CGCs: China’s murky credit channels

By:
Elliot Wilson
Published on:

Ostensibly designed as middlemen to safely channel bank credit to the neglected private sector, credit-guarantee companies have not been content with this fee-earning business.

Wei Ding perches himself on a high stool in the main bar of Beijing’s Kerry Hotel and chews his lip. A leading corporate banker at China Merchants Bank (CMB), one of the country’s best-run lenders, Wei is here to discuss credit-guarantee companies (CGCs), a burgeoning division of the country’s controversial shadow-banking industry.

He’s nervous, and for good reason. China’s CGCs have had an appalling couple of years, lurching from one humiliation to the next. His job puts him in daily contact with dozens of guarantee firms, all beseeching the banker to lend credit to their clients, a cross-section of China’s corporate economy, from small private enterprises to big state-owned enterprises (SOEs). "They ring [me] in the morning. They ring me at lunch. They ring me in the evening. They ring me on the toilet," he sighs wearily.

Mostly, these are the banking version of nuisance calls: guarantee firms ringing up to chance their arms. "They call to tell me that some company wants to borrow Rmb100 million ($16 million). I ask: ‘What is the name of the company?’ They can’t say. ‘How big is it?’ They can’t say. ‘What do they do?’ They can’t say – but they still expect [to get the loan]. They are crazy."

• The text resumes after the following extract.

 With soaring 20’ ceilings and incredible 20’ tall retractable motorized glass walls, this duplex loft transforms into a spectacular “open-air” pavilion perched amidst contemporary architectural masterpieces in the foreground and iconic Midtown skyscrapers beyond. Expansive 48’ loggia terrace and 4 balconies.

Nor is this far from the norm. CGCs barely existed five years ago. Now they are an integral part of China’s shadow or grey financial sector, an industry that encompasses everything from loan sharks and pawn shops to trust companies and pure underground banks, the latter congregating around the coastal city of Wenzhou. Around half of all new credit injected into the economy is provided by non-banks or through such operations as CGCs, up from 10% a decade ago.

In many ways, CGCs are the least understood and the most maligned features of this murky industry. Barely a handful existed before the financial crisis. Precise numbers are hard to come by: the industry is patchily regulated, often supervised at the provincial level. But a reasonable estimate, reached by talking to dozens of people with knowledge of the sector, places the nationwide tally at between 25,000 and 30,000.

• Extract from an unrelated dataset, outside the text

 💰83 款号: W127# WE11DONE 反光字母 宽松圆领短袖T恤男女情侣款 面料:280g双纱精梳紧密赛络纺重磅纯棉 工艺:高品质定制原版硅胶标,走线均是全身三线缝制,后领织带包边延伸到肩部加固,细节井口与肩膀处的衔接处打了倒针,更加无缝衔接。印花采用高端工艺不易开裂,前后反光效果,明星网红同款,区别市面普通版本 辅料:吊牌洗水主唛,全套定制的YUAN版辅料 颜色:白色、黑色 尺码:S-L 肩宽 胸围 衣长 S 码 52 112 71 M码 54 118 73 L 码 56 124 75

Most lack size or scale. A July 2012 report on the shadow-banking industry by Bank of America Merrill Lynch, quoting statistics from China’s Ministry of Industry and Information Technology, reckoned that just 29 CGCs with credit-guarantee licences from the China Banking Regulatory Commission (CBRC) boasted more than Rmb1 billion in registered capital as of end-2010. More than 70% of the 6,030 CGCs registered then were too small to guarantee loans valued at more than Rmb10 million.

What is so surprising is how little is known about a motley collection of companies reckoned to control assets worth between Rmb1 trillion and Rmb2 trillion.

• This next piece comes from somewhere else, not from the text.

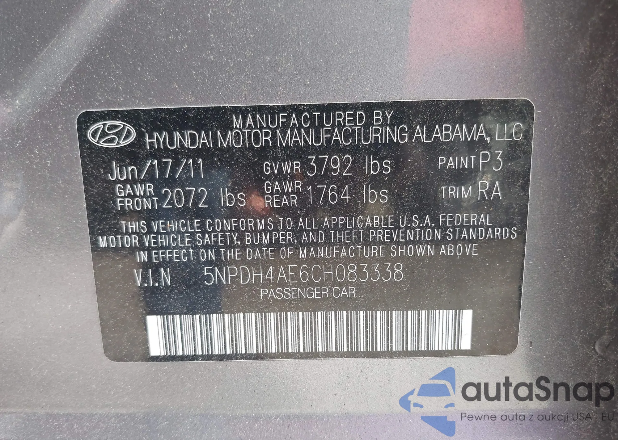 LOT: 42672376 VIN: 5NPD74LF1HH169642

Only rarely, do these monsters surface, offering glimpses of their misshapen hides. The last appearance involved the collapse of Zhongdan Investment Credit Guarantee, one of Beijing’s most prominent CGCs, which imploded in April 2012 with debts of around Rmb3.3 billion. Zhongdan’s silent failure – its bankruptcy is widely known in banking circles, but has never been admitted publicly – exposed 20 banks to substantial losses, say individuals involved with the issue.

The biggest loser was Bank of Beijing (BoB), the largest city commercial lender in the Chinese capital, whose leading shareholders include the Dutch financial services company ING Group, which was exposed to losses amounting to Rmb550 million.

BoB was particularly endangered: not only was it the bank most heavily exposed to financial losses following Zhongdan’s collapse, it was also by far the smallest. The second and third most heavily exposed lenders, Agricultural Bank of China and China Minsheng Bank (CMBC – one of only two privately run Chinese lenders), were far more easily able to absorb substantial losses. "This raises a further issue," notes a Beijing-based shadow-banking expert. "When a credit-guarantee firm collapses, or there is a failure in the shadow-banking industry in general, it tends to be the smaller banks that struggle to meet their liabilities. So you find that the institutions least capable of taking big balance-sheet hits are also those most likely to be exposed to CGCs in general."

Zhongdan’s collapse was unusual for two reasons: first, its sheer scale; second, that its failure was made public at all, thanks largely to the trailblazing efforts of Chinese media outlet Caixin. Moreover, the Zhongdan case shone a light on an industry hitherto almost wholly invisible to outsiders, yet which has, in a few short years, become an indispensable lubricant to China’s financial economy.

CGCs are both very simple and incredibly complex. In their basic form, and certainly in the early days of the credit-guarantee industry (roughly late 2008 to early 2011), their job was to help small and medium-sized enterprises access credit. SMEs struggled during this period, as China’s state banks, swollen by a glut of stimulus cash, channelled loans to favoured SOEs.